Ceknricek.com – Alzheimer merupakan sindrom yang membuat otak mengerut dan mengecil. Penyakit ini sering dialami oleh orang yang berusia 65 tahun ke atas. Kini, sebuah tes darah baru dapat digunakan untuk menentukan seseorang memiliki kemungkinan mengidap Alzheimer 16 tahun sebelum gejalanya mulai muncul.
Tim peneliti internasional menemukan bahwa mereka dapat memprediksi seseorang cenderung mengembangkan Alzheimer berdasarkan tingkat protein tertentu dalam darah. Temuan tersebut dilaporkan dalam jurnal Nature Medicine.
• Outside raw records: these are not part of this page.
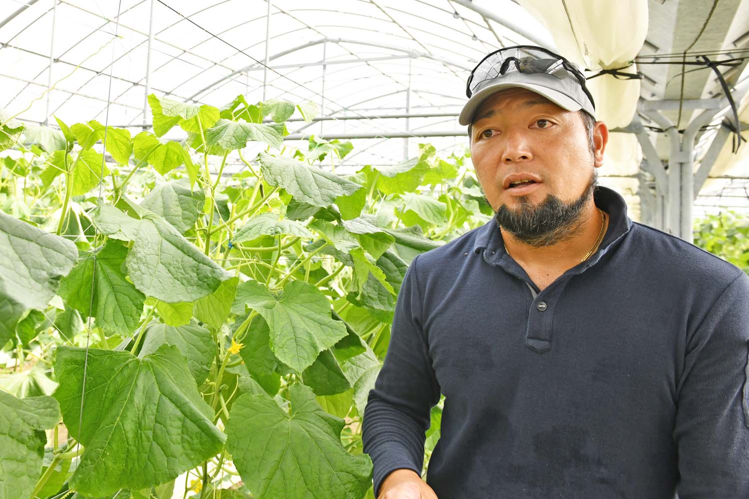 山城豪(やましろごう)さんは、糸満市に5カ所の圃場(ほじょう/農作物を栽培する土地)を持ち、従業員(特定技能外国人)3名を抱えるきゅうり農家です。夏場には1日で5cmほども大きくなるというきゅうりは、毎日朝晩2回の収穫が必要な時期もある野菜。早朝からの水・肥料やり、温度・湿度をコントロールするためのハウスの開閉、実を大きく、均一に成長させるために余分な葉や芽を摘む作業など、日々の仕事は目白押しです。
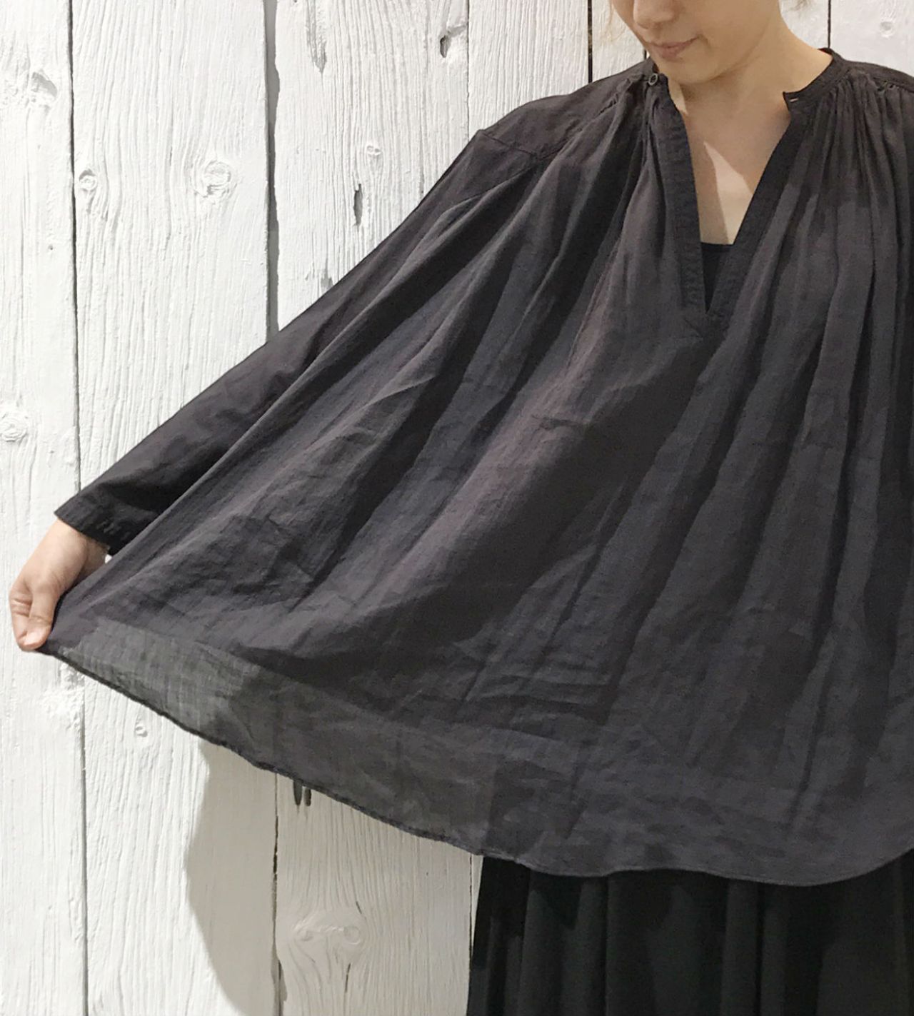 ブラウスは "根菜染め"
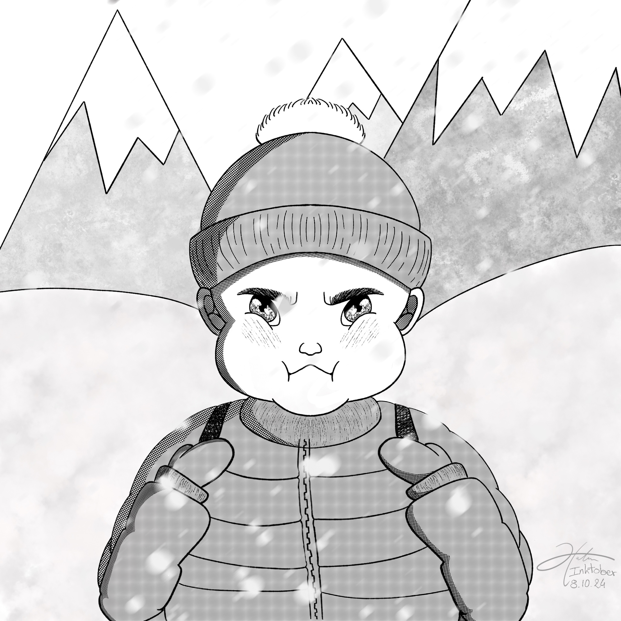 coucou les gens!! @Archange.St.Michelil a l'air tellement heureux sur son dolmen, ton golem! @ApostroKebrrrrrrr, ouais non, moi je vais rester sur la terre ferme @Gloubibarjoil est tellement tranquille là, à patrouiller son territoire @Arnosuper ces marches!! @stefoule bonheur d'une ptite rando en raquettes sous le neige..... avec le bon chocolat chaud à l'arrivée! @daff déterminé! @comicktout mimi! @Hatsumais tellement!! @Diamones mais il aura un fessier d'enfer une fois au bout! Quant à moi, j'ai continué avec mes persos cornus (je ne dessine pas de persos, c'est mon challenge pour cet inktober!). Avec une bestiole poilue, parce que!16 points
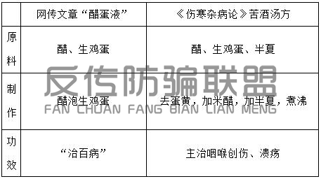 据上海网络辟谣平台报道,上海中医药大学附属岳阳医院中西医结合医师侯霄雷表示,《伤寒杂病论》里只有一张用醋和鸡蛋一起入药的方子,名为“苦酒(即醋)汤方”:半夏14枚,用水洗干净,切成枣核大小;鸡蛋1个,头部开一小孔,去掉蛋黄,把米醋加入其中;再把半夏加入装有米醋及蛋清的鸡蛋壳中,混匀,最后再放在火上煮沸。“苦酒汤方”主治咽喉部位受到创伤、溃疡,无法讲话等,服用时需去掉药渣,每次取小量含咽。
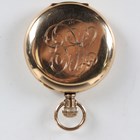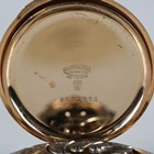 A gold plated keyless wind half hunting cased gentleman's pocket watch with unsigned jewelled movement, the enamelled dial with black Roman hour numerals and subsidiary seconds, case diameter 5cm, together with a Longines Express Monarch gold plated keyless wind open-faced gentleman's pocket watch, the jewelled movement and enamelled dial detailed 'Dingwall', case back monogram engraved, cased diameter 5cm.
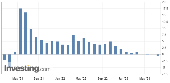 Und die Industrieproduktion schrumpfte sogar. Statt einer erwarteten Stagnation (0,0 %), kam es zu einem Rückgang um -0,5 % zum Vormonat. Zum Vorjahr lag das Minus bei -0,43 %, statt eines erwarteten Plus von +1,1 %.
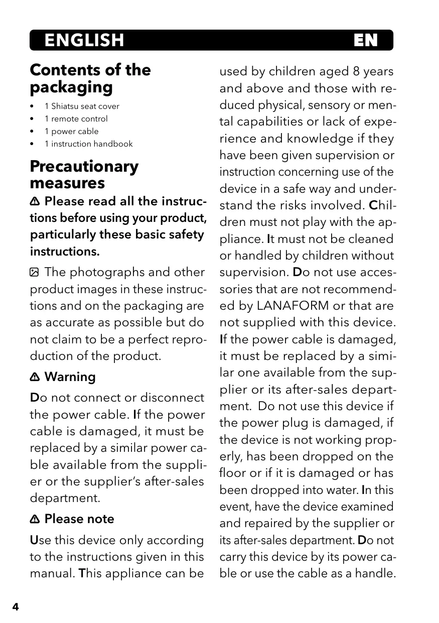 DR 1109 GE SHIATSU - Couvre siège LANAFORM - Free user manual and instructions
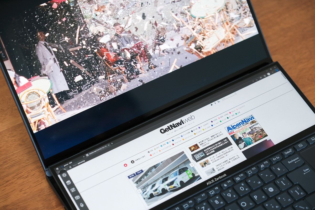 とはいえ「ディスプレイが2つあってもどう活用するの?」という疑問もさもありなん。今回は動画視聴やゲームプレイなどのエンタメ要素と、動画編集などのクリエイティブ要素の2点に絞って、本機の使い心地を確かめてみました。
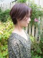 前下がりラインのセンターパートショートです。 いつものショートスタイルに飽きた方におすすめです。 前下がりのスタイルは大人っぽくクールな印象になるので、いろいろな年代の方に似合わせができるショートスタイルです。
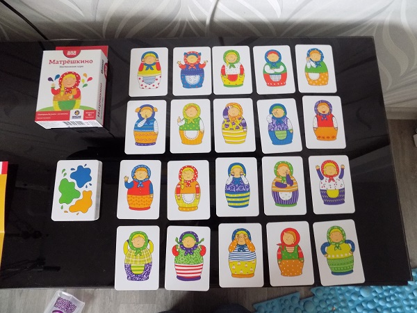 Интересная и забавная игра, возраст указан 4+. Собственно правила просты. Из стопки с красками берется одна карта и показывается игрокам. Кто быстрее найдет это сочетание на поле с матрешками и повторит движение, которое показывает матрешка, тот выиграл раунд.
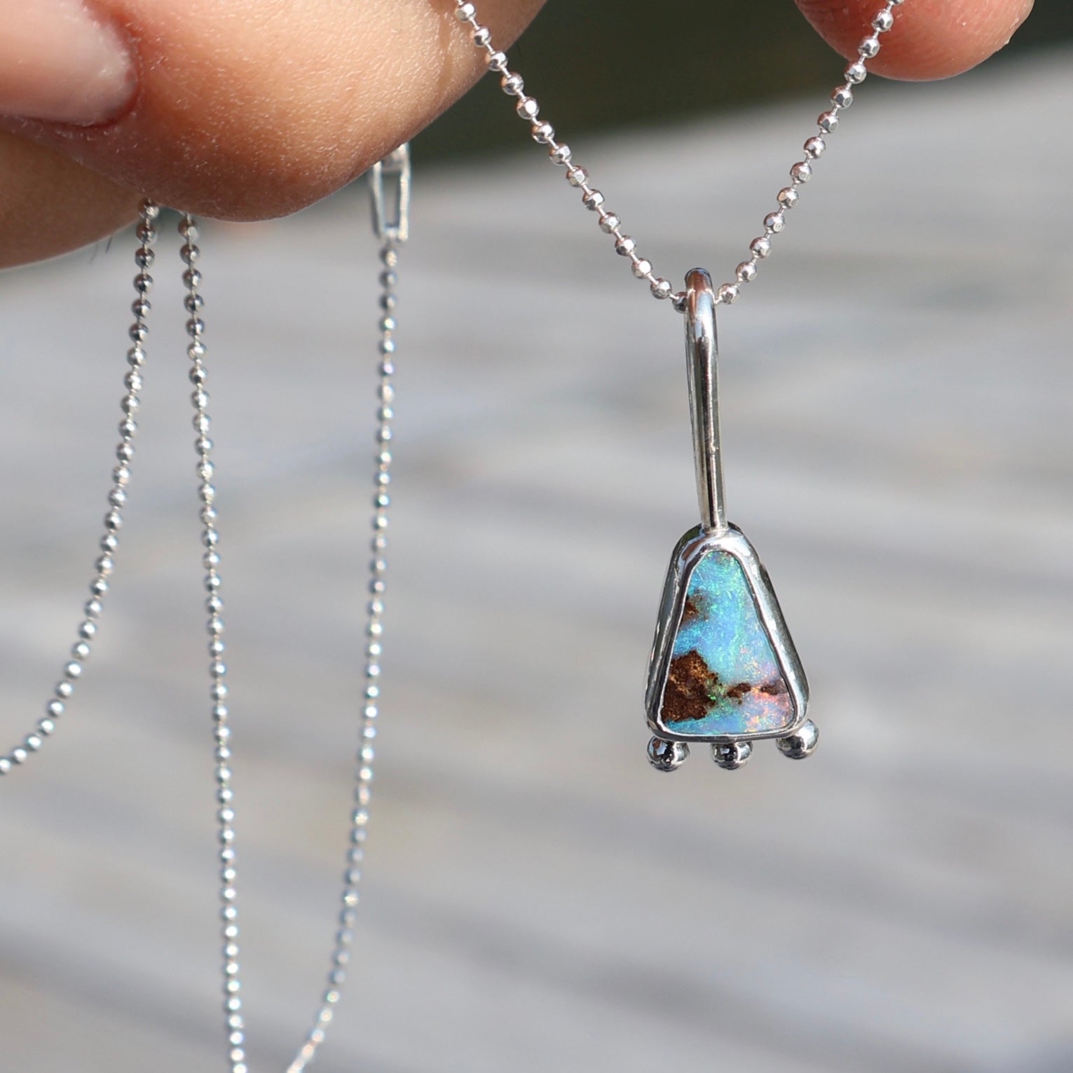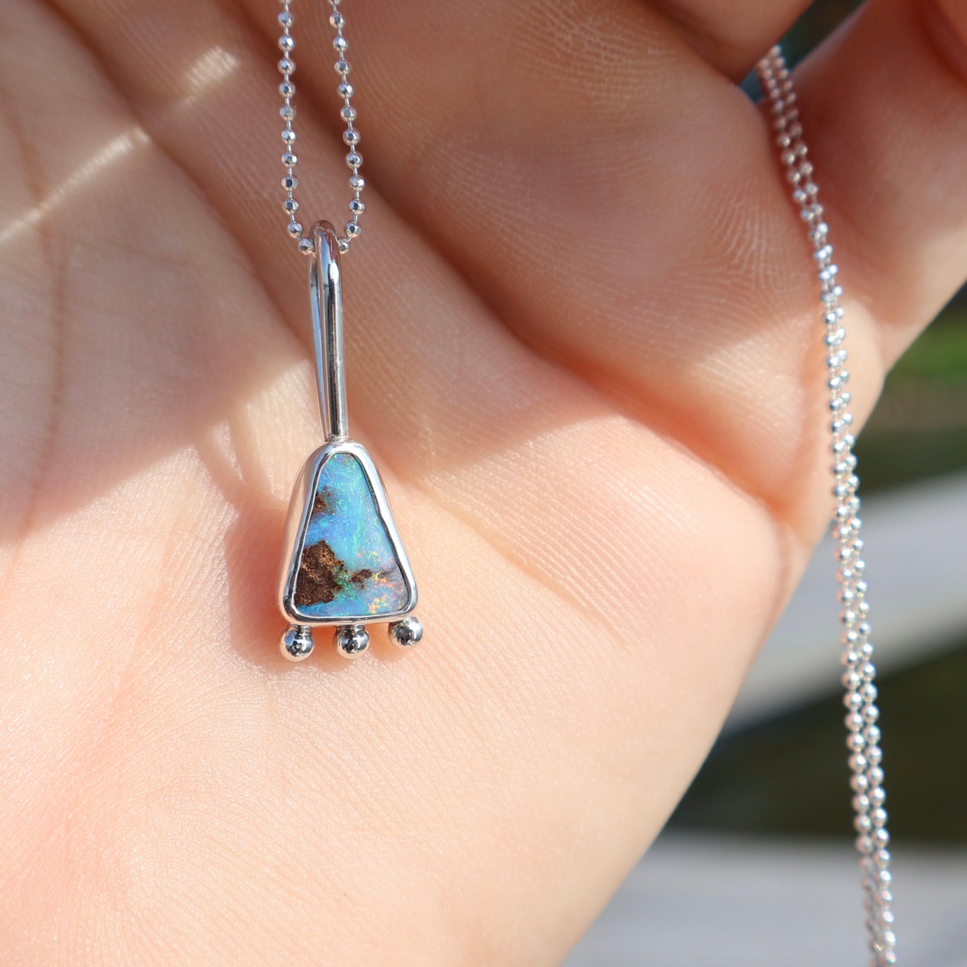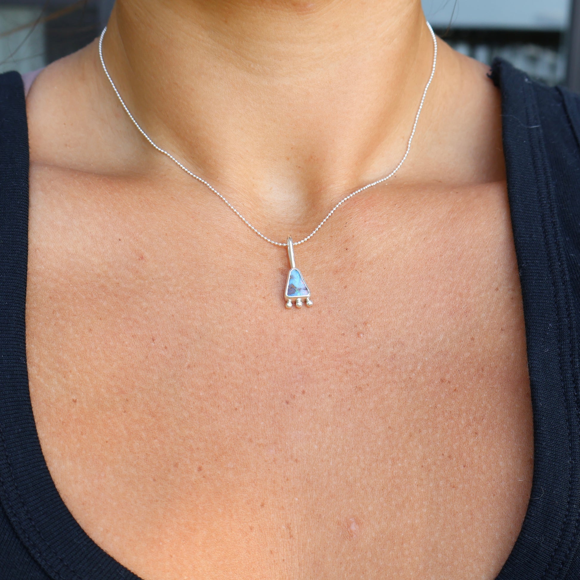 This stunning blue Australian opal pendant features a vibrant play of color, showcasing deep ocean blues with flashes of green and pink. Set in sleek, high-polish sterling and fine silver, the natural opal's unique pattern adds a touch of elegance and mystique.
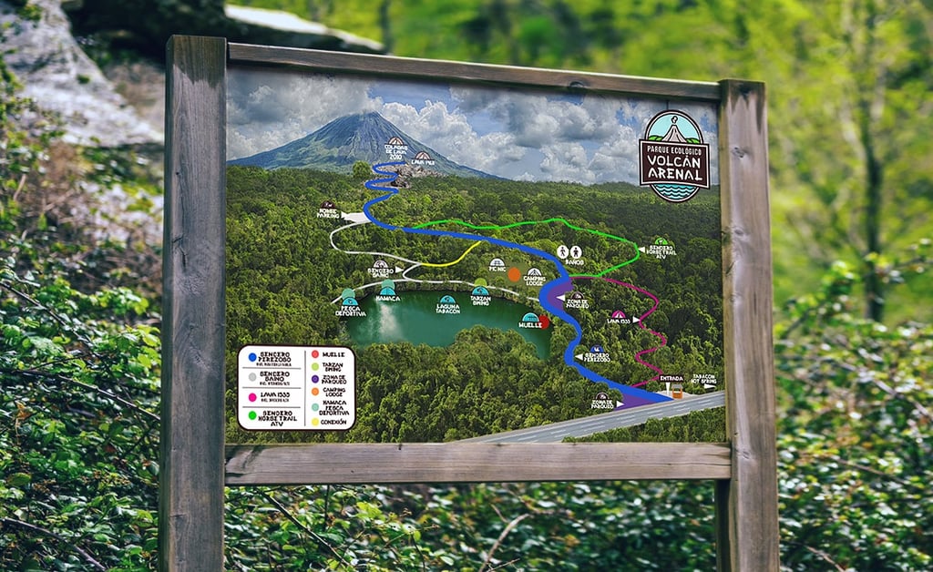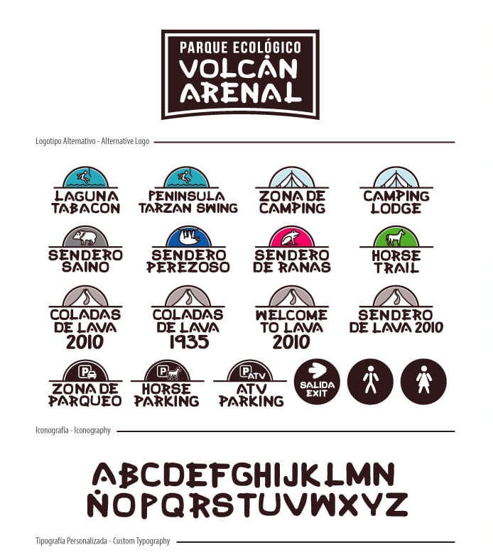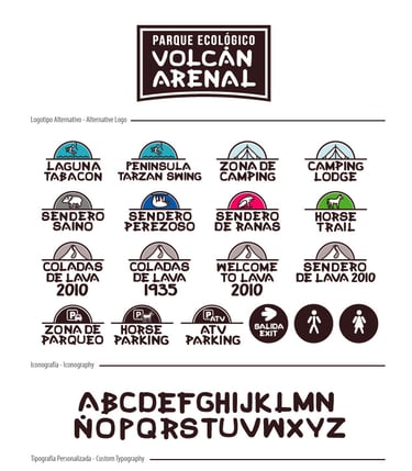 El Parque Ecológico Volcán Arenal es un lugar espectacular rodeado de un mundo natural en las faldas de unos de los volcanes más emblemáticos de Costa Rica: el Volcán Arenal. Es un Parque Ecológico donde puede disfrutar una amplia variedad de actividades al aire libre en un entorno único para conectar con la naturaleza. Desarrollamos el branding completo y el concepto de iconografía y comunicación para este parque donde el concepto general estuvo enfocado en sus atractivos y actividades de forma clara y orgánica.
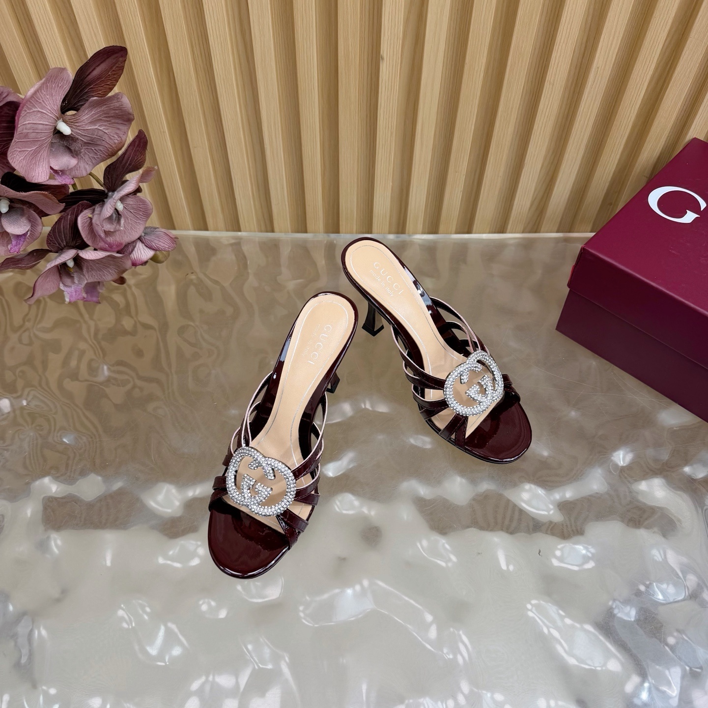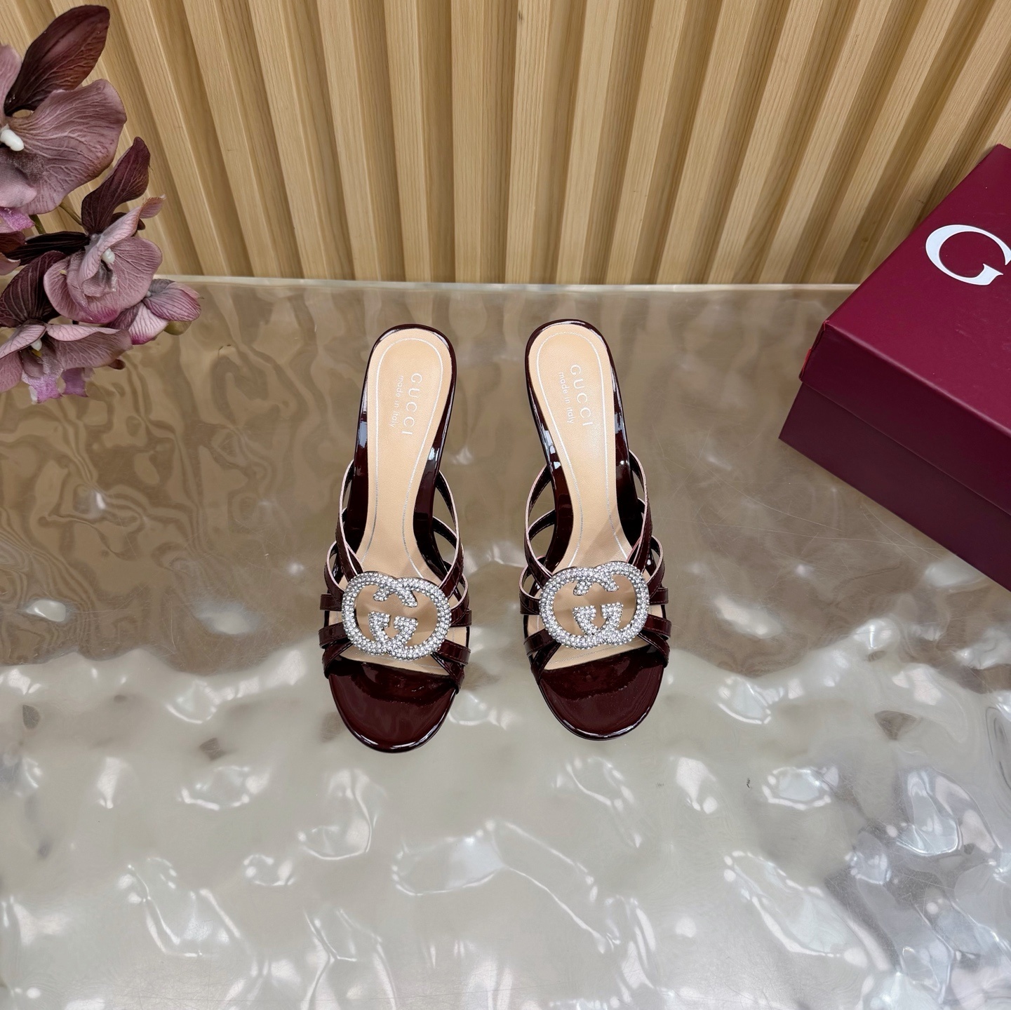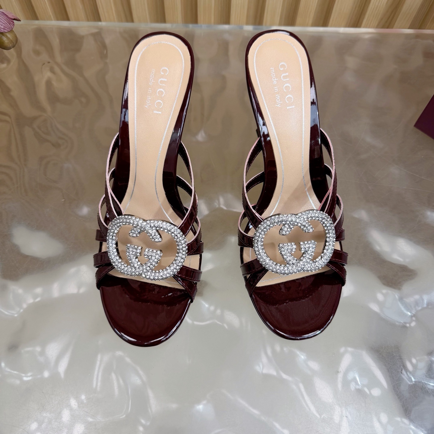crystal Gucci Burgundy Patent Leather Mules - Gucci Burgundy Patent

Protein yang dimaksud adalah neurofilament light change (NLC) yang membentuk bagian dari struktur internal sel saraf. Jika sel-sel saraf rusak, protein bocor ke dalam cairan serebrospinal – cairan berair yang mengelilingi otak dan sumsum tulang belakang – dan kemudian ke dalam darah
Mendeteksi kadar protein yang tinggi dalam cairan serebrospinal menjadi indikator kerusakan sel otak yang baik. Namun, untuk memperoleh cairan ini dibutuhkan keran tulang belakang,. Untuk mendapatkannya, harus memasukkan jarum ke tulang belakang bagian bawah dan tidak menyenangkan bagi pasien.
Untuk itu, para peneliti memutuskan untuk melihat adanya peningkatan level NLC yang terdeteksi dalam sampel darah. Dalam melakukan eksperimen tersebut, tim mencari orang-orang dari keluarga dengan varian genetik langka yang menyebabkan Alzheimer berkembang pada usia muda (antara 30-an dan 50-an).
Mereka yang “kurang beruntung” mewarisi salah satu varian ini, kemungkinan besar kelak akan menderita Alzheimer. Inilah yang membuat para peneliti memiliki kesempatan mencari perubahan secara fisik yang dapat terjadi jauh sebelum gejalan Alzheimer muncul.
Total 409 orang menjadi subjek penelitian, 247 orang membawa varian genetik Alzheimer awal, sedangkan 162 lainnya tidak. Setelah diteliti, mereka yang membawa varian awal-awal memiliki kadar protein NLC yang lebih tinggi dalam darah mereka. Konsentrasi protein NLC meningkat seiring bertambahnya usia. Pada mereka yang tidak memiliki varian genetik tersebut, kadar protein NLC tetap rendah dan stabil.
Para peneliti juga melakukan pemindaian otak seluruh partisipan. Saat terjadi peningkatan kadar NLC, tim menemukan terdapat bagian otak yang berkaitan dengan ingatan (precuneus) mulai menyusut.
Kenaikan tingkat NLC ini dapat dideteksi hingga 16 tahun sebelum gejalan Alzheimer berkembang. Orang-orang yang mengalami peningkatan kadar protein NLC dalam darah cenderung berpotensi mengidap Alzheimer. Hal tersebut terlihat dari munculnya tanda-tanda penurunan kognitif dan degenerasi sel otak dua tahun kemudian.
“Enam belas tahun sebelum gejala muncul benar-benar sangat awal dalam proses penyakit, tetapi kami dapat melihat perbedaan bahkan saat itu,” kata co-penulis pertama Stephanie Schultz, seperti dikutip Iflscience, Kamis (24/1).
“Ini bisa menjadi biomarker praklinis yang baik untuk mengidentifikasi mereka yang akan mengembangkan gejala klinis,” lanjutnya.
Meski tim peneliti fokus pada penyakit Alzheimer dalam studi tersebut, mereka mencatat hal lain. Tes darah dinilai dapat digunakan untuk menemukan tanda-tanda berbagai kondisi terkait otak. Hal ini membuat perawatan kesehatan dapat dilakukan lebih dini.
“Kami memvalidasinya pada orang dengan penyakit Alzheimer karena kami tahu otak mereka mengalami banyak neurodegenerasi, tetapi penanda ini tidak spesifik untuk Alzheimer. Tingkat yang tinggi bisa menjadi tanda dari berbagai penyakit dan cedera neurologis yang berbeda,” ujar penulis studi Brian Gordon.
Namun, penelitian ini masih memiliki keterbatasan. Penggunaan tes darah masih perlu disempurnakan agar dapat diterapkan secara menyeluruh. Salah satu kekurangan penelitian ini adalah para peneliti hanya melihat orang-orang yang secara genetik cenderung terkena Alzheimer.
“Kita tidak pada titik kita bisa memberi tahu orang, ‘dalam lima tahun Anda akan menderita demensia,’ kita semua bekerja menuju itu” imbuh Brian.